Using `nltk`'s `NaiveBayesClassifier` class, train a Naive Bayes classifier using a Bag of Words as features.
https://www.nltk.org/_modules/nltk/classify/naivebayes.html 

Naive Bayes classifiers use Bayes’ theorem for predictions. Naive Bayes can be a good baseline for NLP applications in particular. You can use it as a baseline for your project!

In [6]:
# our utility functions
# RESTART your jupyter notebook kernel if you make changes to this file
import sentiment_utils as sutils

# nltk for Naive Bayes and metrics
import nltk
import nltk.classify.util
from nltk.metrics.scores import (precision, recall, f_measure, accuracy)
from nltk.classify import NaiveBayesClassifier

# some potentially helpful data structures from collections
from collections import defaultdict, Counter

# so that we can make plots
import matplotlib.pyplot as plt
# if you want to use seaborn to make plots
import seaborn as sns

[nltk_data] Downloading package punkt to /Users/turalk/nltk_data...
[nltk_data]   Package punkt is already up-to-date!


In [4]:
# define constants for the files we are using
TRAIN_FILE = "movie_reviews_train.txt"
DEV_FILE = "movie_reviews_dev.txt"

In [9]:
# load in your data and make sure you understand the format
# Do not print out too much so as to impede readability of your notebook
train_tups = sutils.generate_tuples_from_file(TRAIN_FILE)
dev_tups = sutils.generate_tuples_from_file(DEV_FILE)

In [11]:
# set up a sentiment classifier using NLTK's NaiveBayesClassifier and 
# a bag of words as features
# take a look at the function in lecture notebook 7 (feel free to copy + paste that function)
# the nltk classifier expects a dictionary of features as input where the key is the feature name
# and the value is the feature value

# need to return a dict to work with the NLTK classifier
# Possible problem for students: evaluate the difference 
# between using binarized features and using counts (non binarized features)

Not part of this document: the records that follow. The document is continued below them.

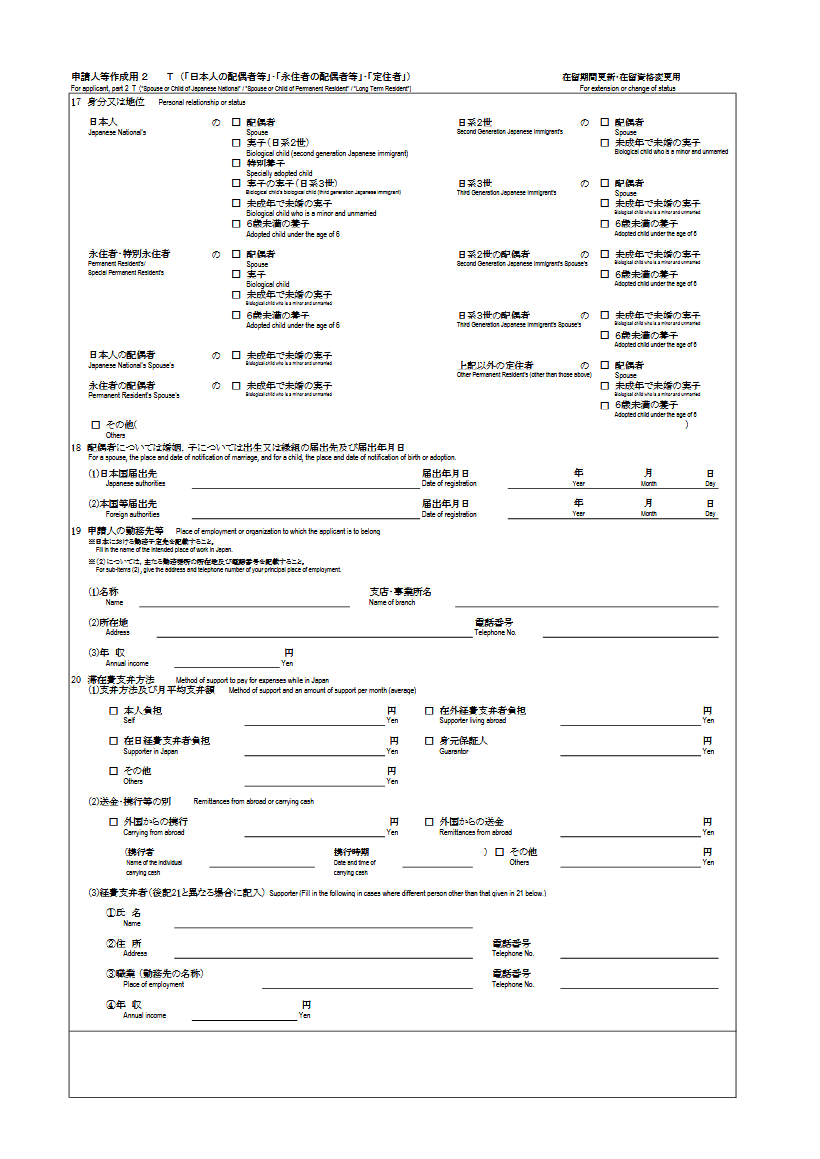 - ○ 希望期間:自身の在留資格で許可されうる期間(例:5年、3年、1年)を参考に希望を記入(ただし最終決定は入管にあり)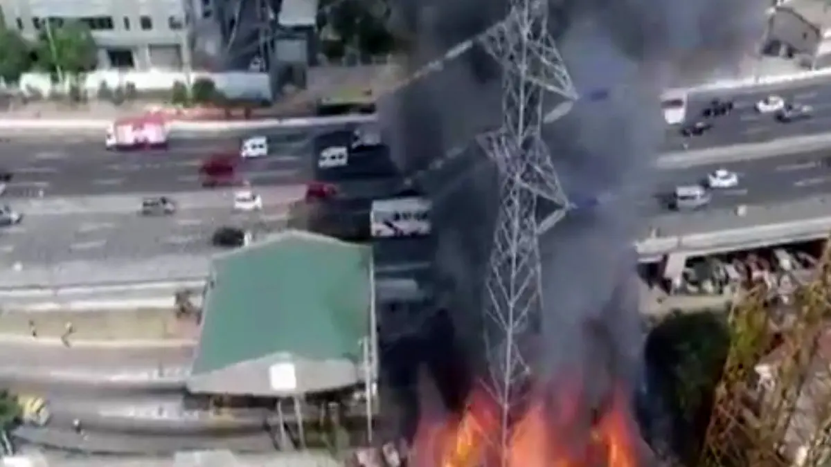یک دکل برق در فیلیپین بر اثر آتش سوزی سقوط Fall کرد.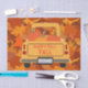 Spaßherbst-Ausrüstungsbeschreibungen ein blasser orange Lieferwagen-LKW, der mit drei Kürbisen gegen eine Mischung des Herbstes gefüllt wird, verlässt Hintergrund. Heckklappe liest glücklichen Fall Yall.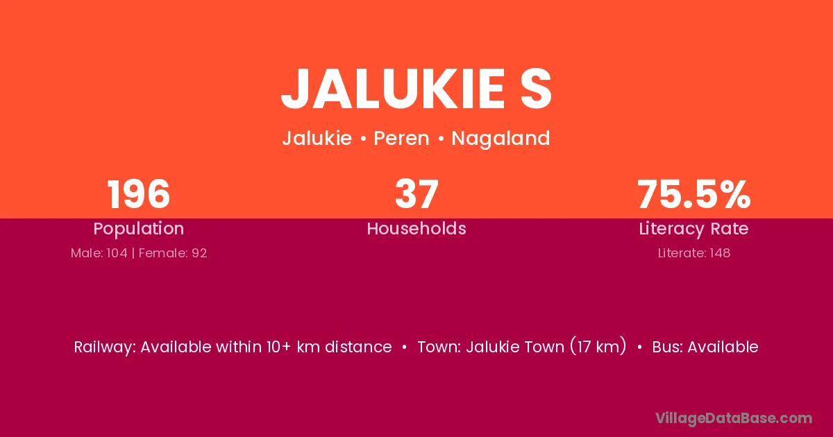 Jalukie S village has a total population of 196 people, of which 104 are males and 92 are females.
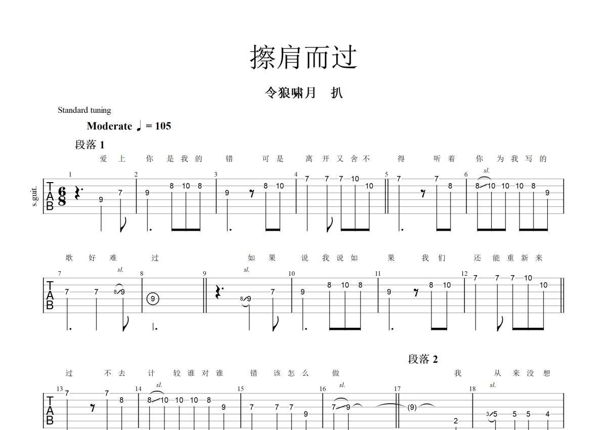 《擦肩而过》是宇桐非演唱的一首歌曲,本吉他谱采用的是C调指法编配,这份吉他谱共有三张高清图谱,图谱由 @玉帝哥哥 编配上传,图谱使用六线谱编配,曲谱配备了相关的音频提供试听,使用这份擦肩而过吉他谱,可以让你更加方便地掌握这首歌曲的演奏技巧,快来尝试吧。宇桐非《擦肩而过》吉他谱_C调吉他独奏谱。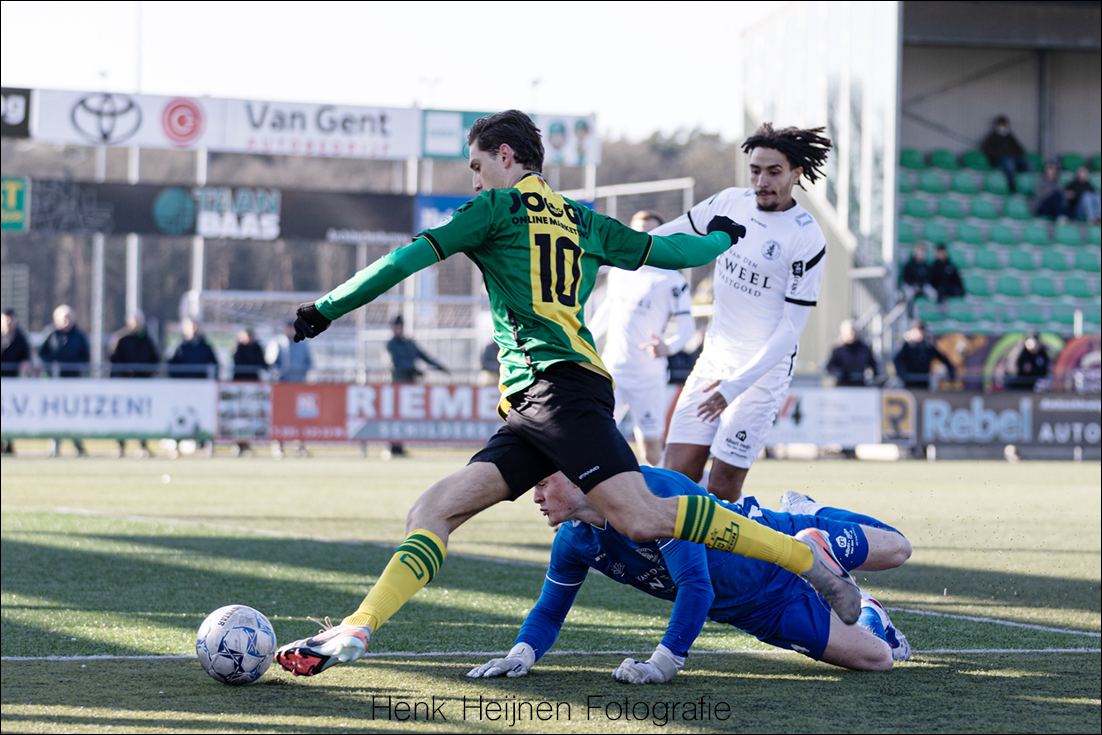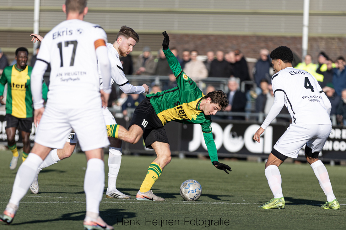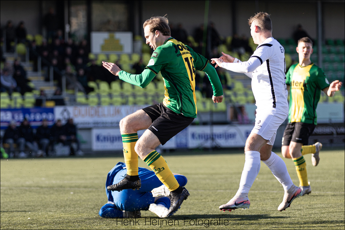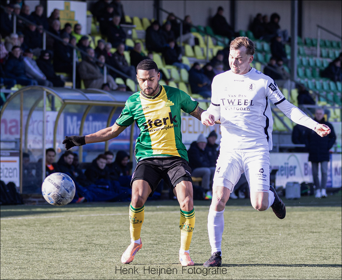 “De eerste helft hebben we een grote kans met Jostein Ohm die alleen op de keeper af mag na een fantastische actie. Dan is het ook weer ‘net niet’! We hebben ook een periode gehad dat die ballen er wél in gingen, toen leek het als vanzelf te gaan en je ziet nu dat juist dat laatste schot er aan ontbreekt, dat laatste tikkie, zodat iedereen ook weer wat vrij in het hoofd wordt dat ze het nog kunnen! Ik heb het gevoel dat we daar als groep een beetje tegenaan hikken. We krijgen genoeg kansen maar we laten het net niet bollen en dan zijn er die momenten waarop een tegenstander dat dan wel doet. Dan loop je dus achter de feiten aan en dat kunnen we ons in deze divisie niet permitteren, we moeten gewoon overal keihard voor werken…”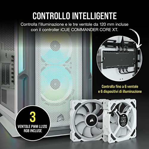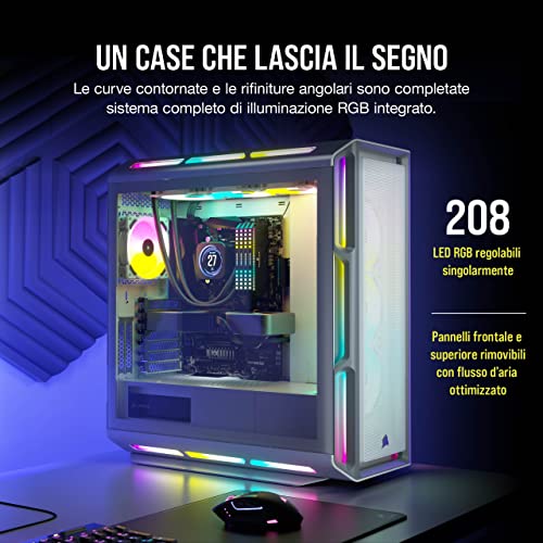 Corsair iCUE 5000T RGB, case Mid Tower ATX, 208 LED RGB gestibili singolarmente, spazio per più radiatori da 360mm, cablaggi facilitati, 3 ventole LL120 RGB e Commander CORE XT inclusi, bianco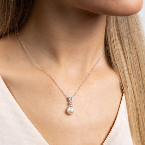 Simulated Pearl and Cubic Zirconia Bracelet in Silver.Vendor:Simulated Pearl and Cubic Zirconia Bracelet in Silver.Diamonfire- Regular price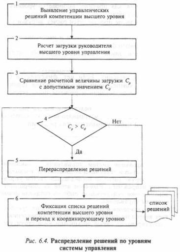 На третьем этапе расчетная величина загрузки сравнивается с допустимым значением и, если эта величина больше допустимой, осуществляется этап перераспределения решений. Если нет, фиксируется список решений компетенции высшего уровня (блок 6). Аналогичные исследования и расчеты проводятся для всех уровней, количество которых регламентировано выбранной структурой, В результате такого распределения за каждым уровнем управления будет закреплен определенный набор управленческих решений.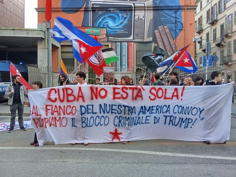 Si è svolto ieri, venerdì 20 marzo 2026, davanti alla sede RAI di Torino, un presidio partecipato e determinato a sostegno del popolo cubano e della campagna internazionale Nuestra América Convoy.

def word_feats(words, binary=True):
    """
    Generate a dictionary of word features for input to NLTK's NaiveBayesClassifier.
    
    Args:
        words (list of str): The words from a document.
        binary (bool): If True, features are binarized (presence/absence); 
                       if it's False, features are based on word counts.
    
    Returns:
        dict: A dictionary where keys are words, and values are either binary or counts.
    """
    if binary:
        return {word: True for word in words}
    else:
        return {word: words.count(word) for word in set(words)}
        


# set up & train a sentiment classifier using NLTK's NaiveBayesClassifier and
# classify the first example in the dev set as an example
# make sure your output is well-labeled

def train_classifier(train_data, binary=True):
    """
    Train a Naive Bayes sentiment classifier.
    
    Args:
        train_data (list of (list of str, int)): Training data, each item is a tuple where
                                                 the first element is a list of words from a document,
                                                 and the second element is the label (e.g., 0 or 1 for negative/positive).
        binary (bool): Whether to use binarized features.
    
    Returns:
        NaiveBayesClassifier: The trained NLTK Naive Bayes classifier.
    """
    # transforming the training data into the format expected by NLTK: (features_dict, label)
    train_features = [(word_feats(words, binary), label) for words, label in train_data]
    
    classifier = NaiveBayesClassifier.train(train_features)
    
    return classifier

def classify_example(classifier, example_words, binary=True):
    """
    Classify a new example using the trained classifier.
    
    Args:
        classifier (NaiveBayesClassifier): The trained classifier.
        example_words (list of str): The words from the new example to classify.
        binary (bool): Whether the classifier was trained on binarized features.
    
    Returns:
        str: The predicted label for the example.
    """
    features = word_feats(example_words, binary)
    return classifier.classify(features)

# test to make sure that you can train the classifier and use it to classify a new example

train_data = sutils.generate_tuples_from_file(TRAIN_FILE)  # Returns (X, y) where X is a list of token lists, and y is a list of labels
dev_data = sutils.generate_tuples_from_file(DEV_FILE)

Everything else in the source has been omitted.